Study says AI and Google edge computing can detect disease in real-time

Machine learning implemented at the edge has attracted significant attention in medicine and healthcare. Researchers now say advancements in edge computing and machine learning models will enable better detection of pathogens, and aid in disease control.

The University of California, Santa Cruz conducted a study showing how Google’s edge computing platform, coupled with machine learning, can detect pathogens in real-time.

Accurate diagnosis at the point of use depends on the ability to detect and identify multiple biomarkers simultaneously in real time. However, researchers say detecting numerous biomarkers can be challenging as their signals may vary in shape and quality due to varying factors.

Compared to the traditional shift-and-multiply method for multiplexed single-molecule identification, the study says the proposed deep neural network solution provides a 40% increase in classification accuracy. Machine learning algorithms, particularly the deep neural network approach, are highly effective in accurately identifying and classifying fluorescence signals.

The study also reveals that smaller edge devices like the Google Coral Dev Board can perform complex computational tasks like high-resolution multi-scale event detection and classification. This is made possible using deep neural network models with a few thousand parameters. Endpoint near-sensor data analysis has several advantages, including decreased energy consumption and reduced network load in endpoint-cloud communication.

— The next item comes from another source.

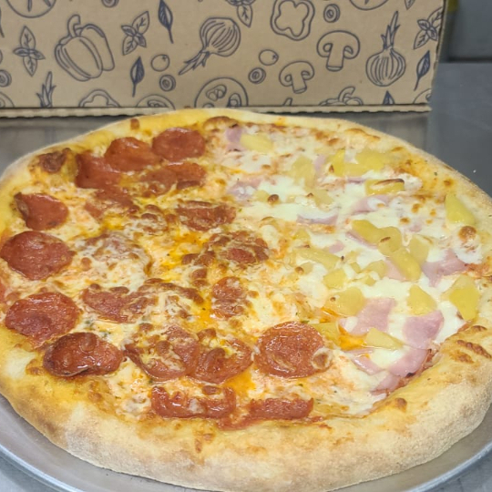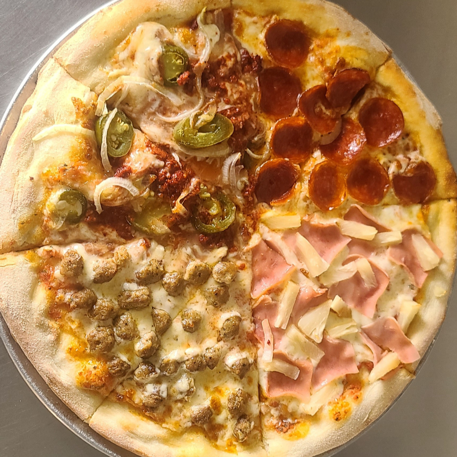 Elaborada con 2 rebanadas de 4 sabores diferentes. Pepperoni, mexicana, hawaiana, italiana, queso mozzarella y salsa de tomate.

“The Coral Dev board is not capable of training the model and requires a desktop computer for training and model transfer steps. We believe this limitation can be solved with future updates of the hardware and libraries or by utilizing a cloud-based server for this specific task,” the researchers add.

The proposed model combines fast wavelet particle detection, short-time Fourier Transform analysis, and deep neural network identification to achieve high accuracy. The study involved conducting experiments that used multi-spot optical excitation to target the nucleic acids of Klebsiella Pneumoniae bacteria, which are associated with pneumonia in certain patient populations. Fluorescence signals with different characteristics like amplitude, duration, and quality were generated on an optofluidic waveguide chip during the experiments.

The study shows that this combination can accurately achieve real-time disease detection, resulting in a 99.8 percent accuracy rate.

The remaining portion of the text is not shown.